Thank you to everyone from Empty Arms, my support group. How sad the circumstances that brought us together, how wonderful to be surrounded with people who understand. I appreciate everyone's friendship and continuous support.

Thank you to my husband, my best friend. I can never thank you enough for your love and care, for standing by me in the darkest of time. For loving me when I was far from lovable. I could not have asked or hoped for a better husband. Thank you!

Thank you to my son Kaleb. You did not grasp the tragedy, but you were always willing to give me a hug, or bring me a Kleenex. You made me smile.

Thanks to everyone who prayed for us.

Thank you!



The many candles lit at her funeral.

Tuesday, June 15, 2010

at least

At least you have another child.
Oh how often I have heard that sentence.
Oh how I hate it.

It's a sentence that makes no sense at all.
One child does not replace another.
One child does not nullify another.

It makes no sense.
If you had two children and one died would you just say:
oh well, at least I have another child.
No, it makes no sense.
Unless you didn't really consider Kathleen a child.
But she was a child. My child.
Just because she only lived to be 19 weeks does not make her
less of a person, less of a child, less my daughter.
"At least it happened at 19 weeks and not 40" someone said to me.
What were they thinking?? What difference does it make? None.
But only those who have traveled the road truly understand.
I loved her from the beginning, and I still love her.

At least you have two beautiful boys.
Yes, my sons bring me much joy. Much happiness.
But my sons do not remove my longing for Kathleen.
They do not remove her memory. On the contrary.


Please don't tell me, at least you have another child...
unless you are willing to tell me
which one of your children would you have sacrificed
which one do you love less
which one

Monday, June 7, 2010

two lives

Sometimes I feel like I live two lives. One is private, one is public. One is real, the other partly fake. I say partly because on rare occasions my public life blends with my private life and becomes real. When I can be happy when I am happy, and sad when I am sad. Usually it is when I am with a good trusted friend, or another bereaved parent. But usually my public life is not so. There are times when my smile is sincere, and times when it is not. Public life can be draining. Sometimes it's just moments. Moments like being on the playground and seeing a girl that would be about Kathleen's age. Those moments can occur anytime, anywhere in my public life. Sometimes that moment becomes a day. Like mother's day.

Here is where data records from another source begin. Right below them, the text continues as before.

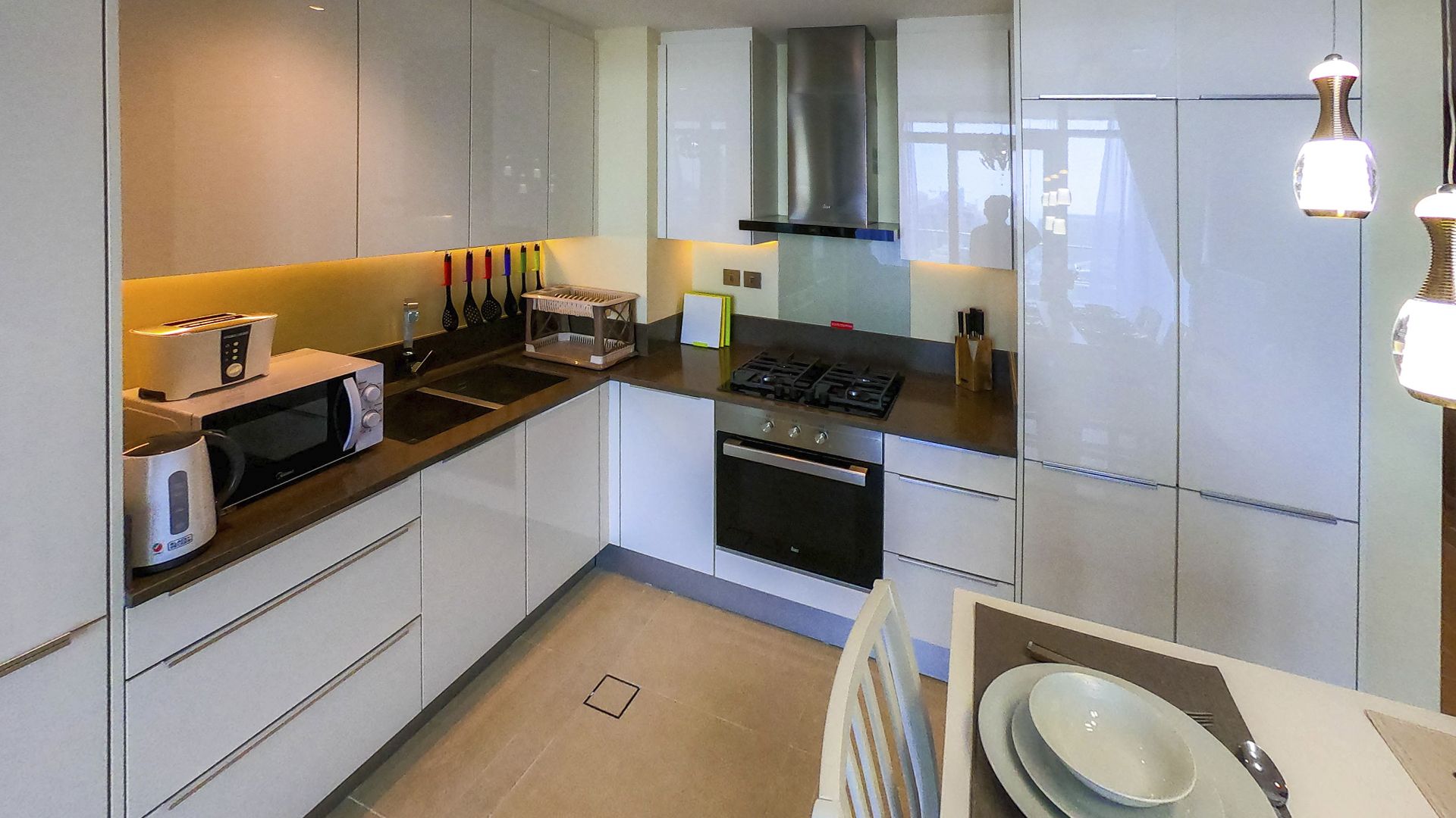 An apartment with 1 bedroom in the complex Marina Gate. The apartment with an area of 775 ft² is located on the 48 of 64, finished. Windows: panoramic. View from the windows: marina view.
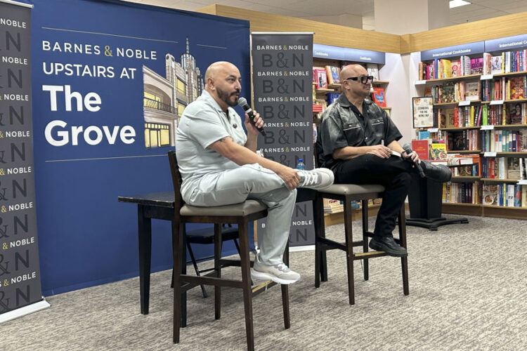 El cantautor mexicano Lupillo Rivera (i) fue captado este lunes, 22 de septiembre, durante la presentación de su autobiografía, en la popular librería Barnes & Noble, en Los Ángeles (CA, EE.UU.). EFE/Mikaela Viqueira
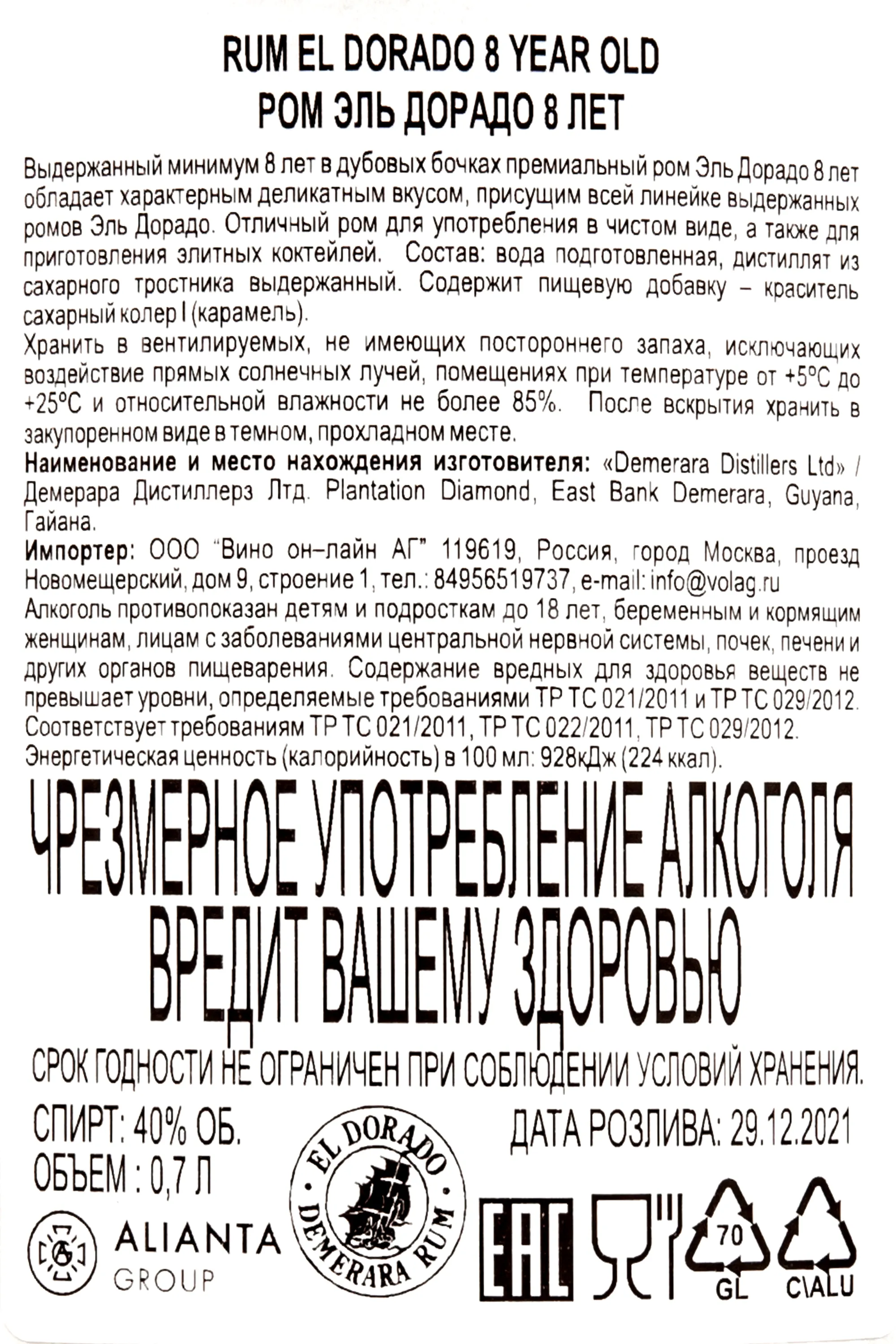 El Dorado 8 years 0.7 л купить - Ром Эль Дорадо 8 лет цена в магазинег. Москва, ул. Профсоюзная, д. 16/1010:00-22:00 Ежедневно+7 (495) 920-20-02info@cru.ru

Happy mother's day. It bothers me that everyone just assumes it's a happy day. For many it is not. For many it is the day they are reminded that they should be a mother but am not because their only child is in heaven. They feel like a mother yet no one sees them as one. For me it is a day where I am reminded I have two beautiful boys to be thankful for. It is also a day where I am reminded I should be the mother of a beautiful little girl. And I am not. It's a day filled with good moments, and sad moments. Good when I receive a card from sweet Kaleb. Sad when I think there should be one from Kathleen. Good when I hang out with my wonderful family. Sad when I hear someone say that my niece is the only girl in the family. When she is not.. But no one wants to ruin a perfectly 'happy' day by mentioning Kathleen. So her name goes unspoken although I think it a million times in my mind. And although I am sad I put on a smile. It's what I do in my public fake life.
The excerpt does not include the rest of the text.